Forum OpenACS Q&A: AOLserver/openACS and other scripting languages (besides Tcl)

I am wondering, can you use other scripting languages with AOLserver/openACS? I realize that only Tcl will be compatible with the awesome templating system openACS has, but I'm wondering, if in the future, I need to hire people to work with me, it won't be very likely to find people who know Tcl... So, basically, the question is, is AOLserver compatible with PHP, Perl, Javascript, etc...
The language you choose is a little importance. Tcl itself is very small.

http://tcl.tk/man/tcl8.4/TclCmd/contents.htm

Tcl has around 88 commands.

The OpenACS core has 2187 procs.

All OpenACS packages have 7553 procs.

So you can see that learning Tcl is a 1 day project, while learning OpenACS taks a lot more. The APIs of the libraries you use are what you need to learn.

Yes you can use other programming languages with AOLserver besides Tcl and C. However, no one much bothers. AOLserver's integration with Tcl is excellent, so that's basically what everyone serious uses for development. There are people running out-of-the-box PHP apps with AOLserver, and probably others doing the same with Java, but that's a different sort of thing.

Whether the programmers you hire already know Tcl or not is close to the last thing you should be worrying about. Any good programmer can and will reach basic proficiency with Tcl in a few days, and true expertise in a few weeks (or perhaps months). This is not hypothetical, I've seen that myself first hand.

Actually, I've also seen people I wouldn't be willing to hire as programmers, because they weren't really good enough, also learn enough Tcl to do basic OpenACS work within days. Tcl simply isn't that hard.

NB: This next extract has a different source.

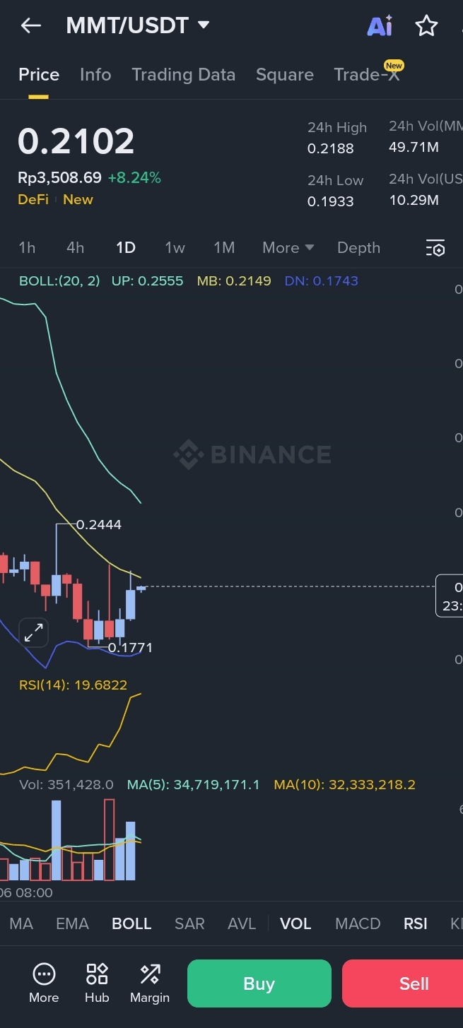 MMT/USDT actualmente muestra signos tempranos de un rebote técnico después de experimentar una fase bajista prolongada. En el momento de la observación, el precio se cotiza alrededor de 0.2102 USDT, registrando una ganancia intradía de más del 8%, lo que sugiere un interés de compra a corto plazo que surge después de un fuerte retroceso. Este movimiento parece ser una reacción desde un fondo local más que una reversión de tendencia confirmada.
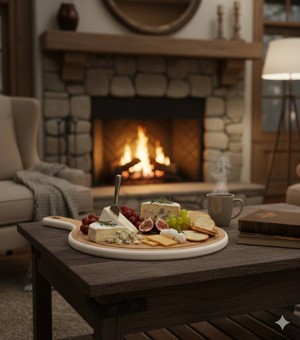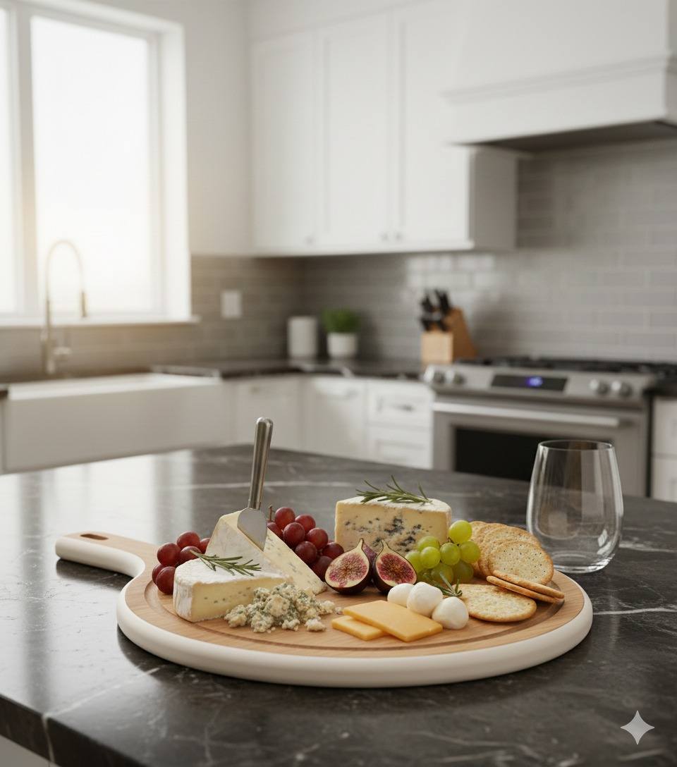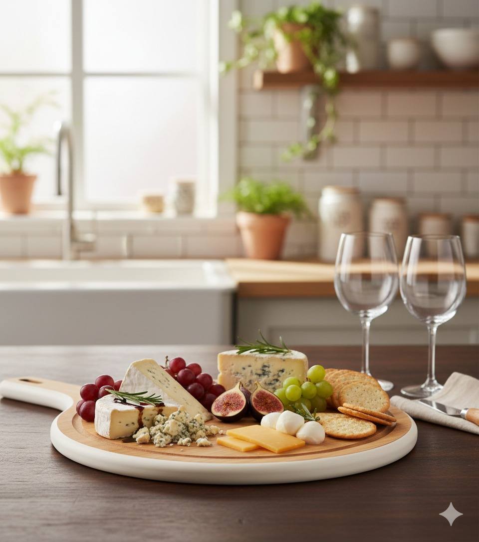 Small Round Wooden Board Tissy and Jessie with Carved Edges, Code SK-9263WHITE

And Dave is exactly right that when it comes to learning OpenACS, Tcl is the quick and easy part.

when you get developers to work on a Web Development Framework (specially with so many abstractions and concepts around like in OpenACS), the scripting language is not the first issue, is more important to get to know other stuff, like the basic API, basic object / instances concepts, the user & permission system, etc, etc.

Many developers are just lazy to learn new stuff besides of the scripting language they already know, that'll be very first trouble you'll get.